The reforms included the establishment of special economic zones, the promotion of foreign investment, and the liberalization of trade policies. These reforms opened up the Chinese economy to the world, creating new opportunities for trade and investment.

What is the primary industry in China? ›

The China primary sector involves cultivation and acquiring raw materials. Common examples are oil extraction, farming and fishing. The China secondary sector relates to the manufacturing and assembly process. Raw materials are transformed into components and assembled in the China secondary sector.

What was a major reason for growth of China's economy? ›

China's strong growth has been based on investment and export-oriented manufacturing, an approach that has largely reached its limits, and has led to economic, social, and environmental imbalances.

What made China's economy grow so fast? ›

The growth of the nonstate sector has been the driving force in China's development. Marketization and opening to the outside world—not industrial policy or protectionism—allowed China to make better use of its resources and widened the range of choices open to people.

What is the main cause of China's recent rapid economic growth? ›

China's strong productivity growth, spurred by the 1978 market-oriented reforms, is the leading cause of China's unprecedented economic performance.

Who controls most of China's economy? ›

China has been a socialist country since 1949, and, for nearly all of that time, the government has played a predominant role in the economy.

How do rich Chinese get money out of China? ›

One popular technique is known as “smurfing.” It involves recruiting people on the mainland who haven't used their legitimate remittance quotas of $50,000. By using many people, the agencies can then use their bank accounts and small individual allowances to funnel large amounts of money outside the country.

Why is China richer than India? ›

Today, China's productivity is nearly double that of India. While 45% of Indian workers are still in the highly unproductive agriculture sector, China has graduated even from simple, labour-intensive manufacturing to emerge, for example, as a dominant force in global car markets, especially in electric vehicles.

What is the biggest driver of the economy? ›

Consumer spending is the biggest driver of the U.S. economy, and Americans kept their foot on the gas — eating out in restaurants, buying sporting goods, and paying for travel. Personal spending grew at an annual pace of 1.9% in the fourth quarter, only a modest slowdown from the three months before.

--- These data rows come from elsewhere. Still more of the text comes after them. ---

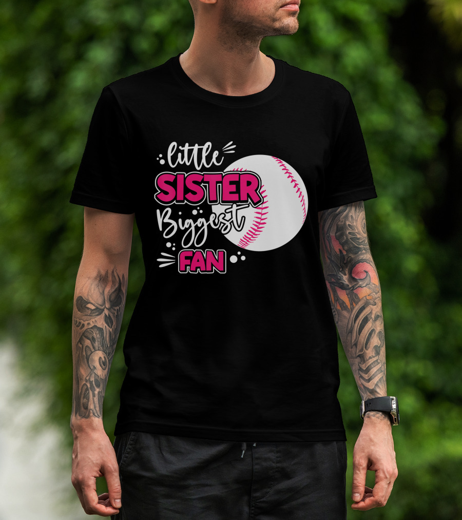 The Little Sister Biggest Fan Baseball Season For Girl Siblings T-shirt is designed for everyday wear and a consistent fit. Fabric is pre-shrunk ring-spun cotton with durable stitching. See the size chart below for exact measurements.
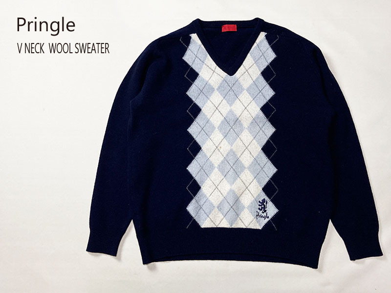 > 【スコットランド製】毛100% Pringle プリングル Vネック ウール セーター メンズ XL アーガイル柄 ロゴ刺繍
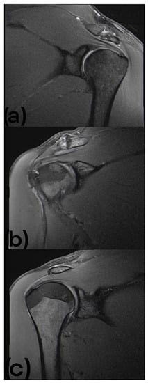 (a) MRI of the left shoulder showing edematous changes at the AC joint. (b) MRI of the right shoulder showing small cystic resorptions near the intertubercular sulcus. (c) MRI of the right shoulder of the same participant shown in (b), showing low attachment tendinopathy of the supraspinatus tendon.
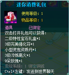 | 消费满155元宝 | 迷你消费礼包 | 活动时间,只能领取一次 |
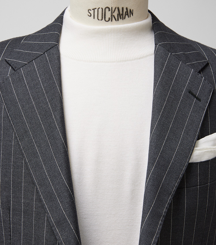 タイドアップすれば威厳溢れるスタイルが築ける幅広ストライプのスーツ。そのインを白のモックネックにすることで、ぐっと柔和な雰囲気になる。内勤のときにおすすめしたい。スーツ6万6000円〈オーダー価格〉/麻布テーラー(Y&Mプレスルーム) チーフ〈スタイリスト私物〉

What are the three main forces driving the economy? ›

These three forces are: Productivity Growth. Short Term Debt Cycle. Long Term Debt Cycle.

What are 2 drivers of economic growth? ›

Economic growth often is driven by consumer spending and business investment. Tax cuts and rebates are used to return money to consumers and boost spending.

What makes China's economy so strong? ›

China's economic development has been fueled in large part by a sprawling industrial sector, which includes manufacturing, construction, mining, and utilities. In 2021, value-added industrial output accounted for 39 percent of China's GDP—more than double that of the United States (18 percent).

How did China get so big? ›

Under the Qing rule, China expanded beyond the Great Wall and started to annex more territories in process. The Qing invaded Korea, managed to conquer Mongolia, and also annexed modern territories of Xinjiang and Tibet as well.

Why does China have so much debt? ›

Most of this debt came from building infrastructure, much of which is unlikely to generate revenues sufficient to pay off the obligations. With China's trend growth rate notably lower now than it was, it leaves a burden over the long haul.

Top Articles
Latest Posts
Article information

Author: Duane Harber

Last Updated:

Views: 6084

Rating: 4 / 5 (51 voted)

Reviews: 82% of readers found this page helpful

Author information

Name: Duane Harber

Birthday: 1999-10-17

Address: Apt. 404 9899 Magnolia Roads, Port Royceville, ID 78186

Phone: +186911129794335

Job: Human Hospitality Planner

Hobby: Listening to music, Orienteering, Knapping, Dance, Mountain biking, Fishing, Pottery

Introduction: My name is Duane Harber, I am a modern, clever, handsome, fair, agreeable, inexpensive, beautiful person who loves writing and wants to share my knowledge and understanding with you.